Required work:
Skip all pictures. Write out the data below from its first line through the line that contains "marcar tres goles…".
[Material to process — start]
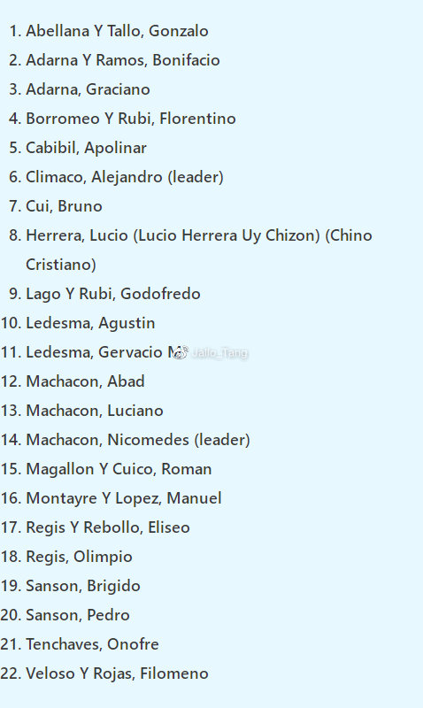 这个人就是编号7的Bruno Cui。关于Bruno我们知之甚少,只知道他出自Cui这个华裔家族,而Cui家则是宿务当地最古老的几个华裔麦仕蒂索家族之一时间可能早于17世纪,按照《妈祖的子民——闽台海洋文化研究》一书描述,早期菲律宾华人主要以海澄县和晋江安平镇为主,因此Cui家祖籍地极有可能是二地之一。另外,Cui是按照西班牙语拼写,发音与英语的Kwee十分相似,因此可能是闽南语的郭。
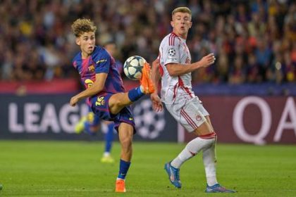 ▲ En una gran noche, Fermín López (izquierda) se convirtió ayer en el primer jugador español en marcar tres goles…
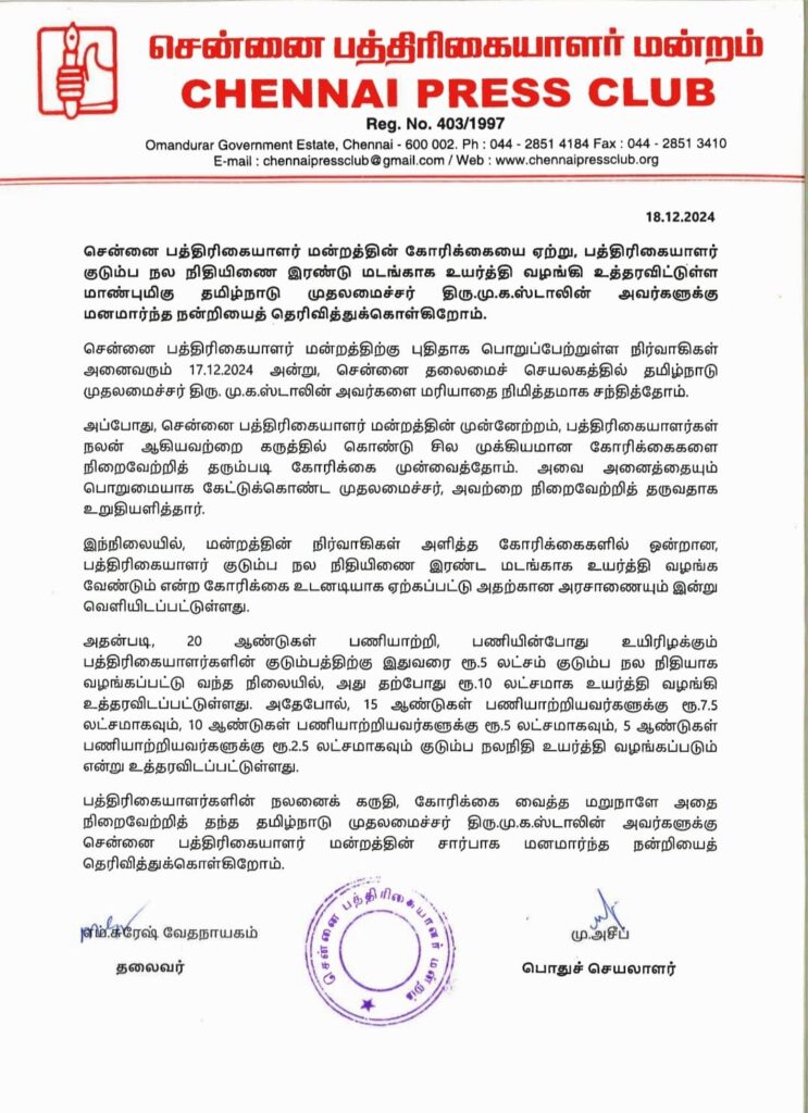சென்னை பத்திரிகையாளர் மன்றத்திற்கு புதிதாக பொறுப்பேற்றுள்ள நிர்வாகிகள் அனைவரும் 17.12.2024 அன்று சென்னை தலைமை செயலகத்தில் தமிழ்நாடு முதலமைச்சர் திரு.மு.க.ஸ்டாலின் அவர்களை சந்தித்து சில கோரிக்கைகளை முன் வைத்தனர். கோரிக்கைகளில் ஒன்றான, பத்திரிகையாளர் குடும்ப நல நிதியிணை இன்று மடங்காக உயர்த்தி வழங்க வேண்டும் என்பது ஏற்கப்பட்டு அதற்கான அரசாணையும் வெளியிடப்பட்டுள்ளது. இதன்படி 20 ஆண்டுகள் பணியாற்றி, பணியின் போது உயிரிழக்கும் பத்திரிகையாளரின் குடும்பத்திற்கு இதுவரை 5 லட்சம் ருபாய் குடும்ப நல நிதியாக வழங்குபட்டு வந்ததை ரூ 10 லட்சமாக உயர்த்தி வழங்க அரசாணை பிறப்பித்தப்பட்டுள்ளது. அதே போல் 15 ஆண்டுகள் பணியாற்றியவர்களுக்கு ரூ 7.5 லட்சமாகவும், 10 ஆண்டுகள் பணியாற்றியவர்களுக்கு ரூ 5 லட்சமாகவும், 5 ஆண்டுகள் பணியாற்றியவர்களுக்கு ரூ 2.5 லட்சமாகவும் வழங்கப்படும் என்று உத்தரவிடப்பட்டுள்ளது.
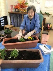とある日はお花の寄せ植えをしたり、壁飾りを作ったり…
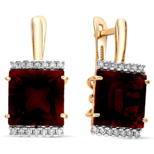 Серьги из золота с гранатами и фианитами
[Material to process — finish]
Solution to the problem:
 这个人就是编号7的Bruno Cui。关于Bruno我们知之甚少,只知道他出自Cui这个华裔家族,而Cui家则是宿务当地最古老的几个华裔麦仕蒂索家族之一时间可能早于17世纪,按照《妈祖的子民——闽台海洋文化研究》一书描述,早期菲律宾华人主要以海澄县和晋江安平镇为主,因此Cui家祖籍地极有可能是二地之一。另外,Cui是按照西班牙语拼写,发音与英语的Kwee十分相似,因此可能是闽南语的郭。
 ▲ En una gran noche, Fermín López (izquierda) se convirtió ayer en el primer jugador español en marcar tres goles…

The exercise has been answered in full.